____ Source data

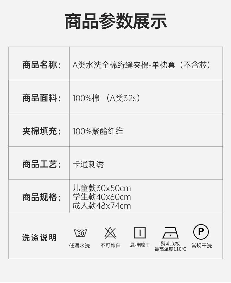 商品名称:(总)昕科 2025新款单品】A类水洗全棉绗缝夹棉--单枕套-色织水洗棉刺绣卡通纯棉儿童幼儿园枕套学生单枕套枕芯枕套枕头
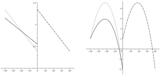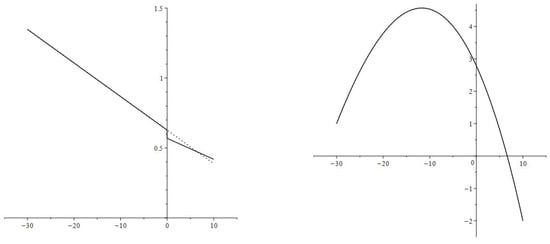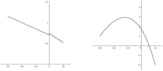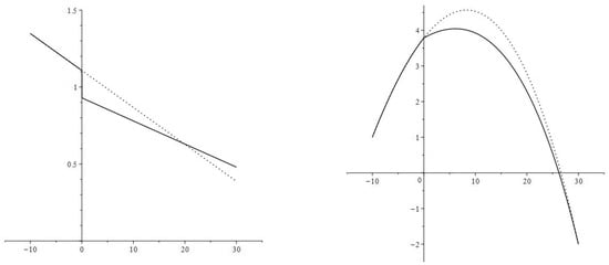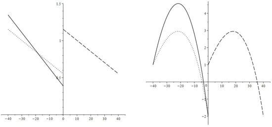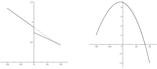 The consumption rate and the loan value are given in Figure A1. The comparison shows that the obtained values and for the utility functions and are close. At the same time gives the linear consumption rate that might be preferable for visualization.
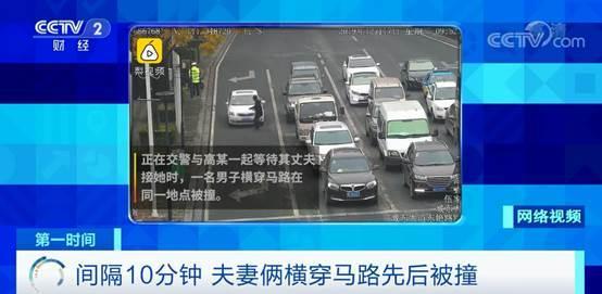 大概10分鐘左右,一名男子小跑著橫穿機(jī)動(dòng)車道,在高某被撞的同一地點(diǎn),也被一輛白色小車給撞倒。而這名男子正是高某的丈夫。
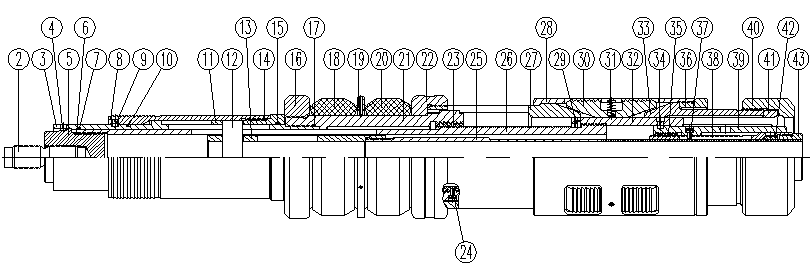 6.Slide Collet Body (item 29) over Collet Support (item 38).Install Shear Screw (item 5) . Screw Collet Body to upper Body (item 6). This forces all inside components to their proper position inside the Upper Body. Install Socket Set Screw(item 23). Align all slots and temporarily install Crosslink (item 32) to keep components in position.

________

**Directions for this task:**
Pictures are not part of the copy. Reproduce the lines from the one with "The consumption rate" through the end of the listing above.

**Exercise output:**
 The consumption rate and the loan value are given in Figure A1. The comparison shows that the obtained values and for the utility functions and are close. At the same time gives the linear consumption rate that might be preferable for visualization.
 大概10分鐘左右,一名男子小跑著橫穿機(jī)動(dòng)車道,在高某被撞的同一地點(diǎn),也被一輛白色小車給撞倒。而這名男子正是高某的丈夫。
 6.Slide Collet Body (item 29) over Collet Support (item 38).Install Shear Screw (item 5) . Screw Collet Body to upper Body (item 6). This forces all inside components to their proper position inside the Upper Body. Install Socket Set Screw(item 23). Align all slots and temporarily install Crosslink (item 32) to keep components in position.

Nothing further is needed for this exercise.